What to work on: Pictures in the listing should not be copied. Reproduce, word for word, each line from the one holding "プリンを試食した馬江克弥君(10)は「大" through the final line.

Data segment:
++++++++++++++++++++

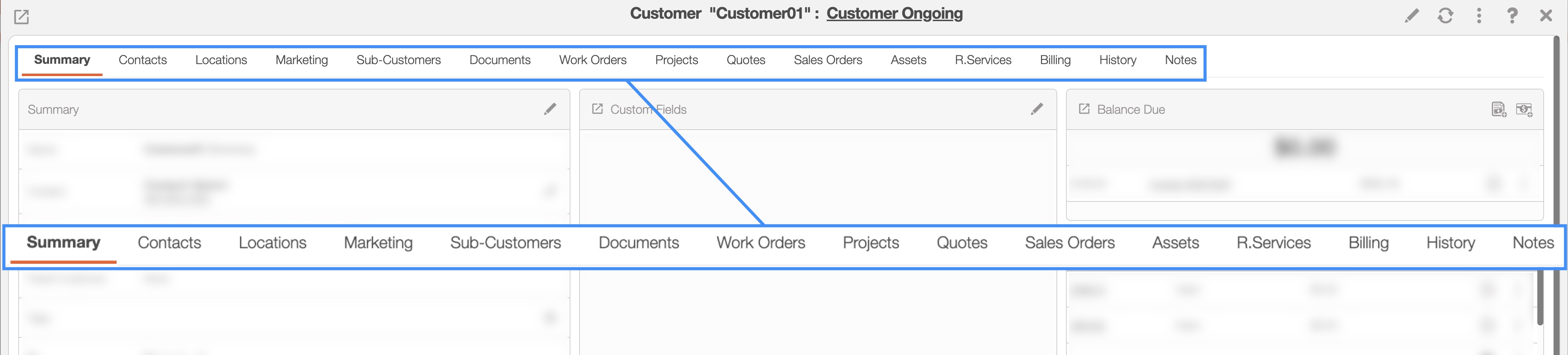 The full-size View Customer pop-up window can be seen below. All the tabs, buttons, and features are identical to how they would appear in the pop-up window:
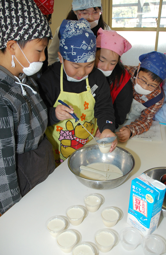 プリンを試食した馬江克弥君(10)は「大豆には栄養がたくさん含まれていることがわかった」と話していた。
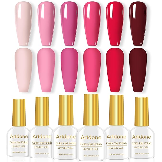 Artdone Sheer Gel Nail Polish Set Jelly UV Gel 6 Colors Translucent Milky White Pink Nude Brown Colors Nail Polish For All Seasons (Soild-Pink And Red)

++++++++++++++++++++

Finished exercise:
 プリンを試食した馬江克弥君(10)は「大豆には栄養がたくさん含まれていることがわかった」と話していた。
 Artdone Sheer Gel Nail Polish Set Jelly UV Gel 6 Colors Translucent Milky White Pink Nude Brown Colors Nail Polish For All Seasons (Soild-Pink And Red)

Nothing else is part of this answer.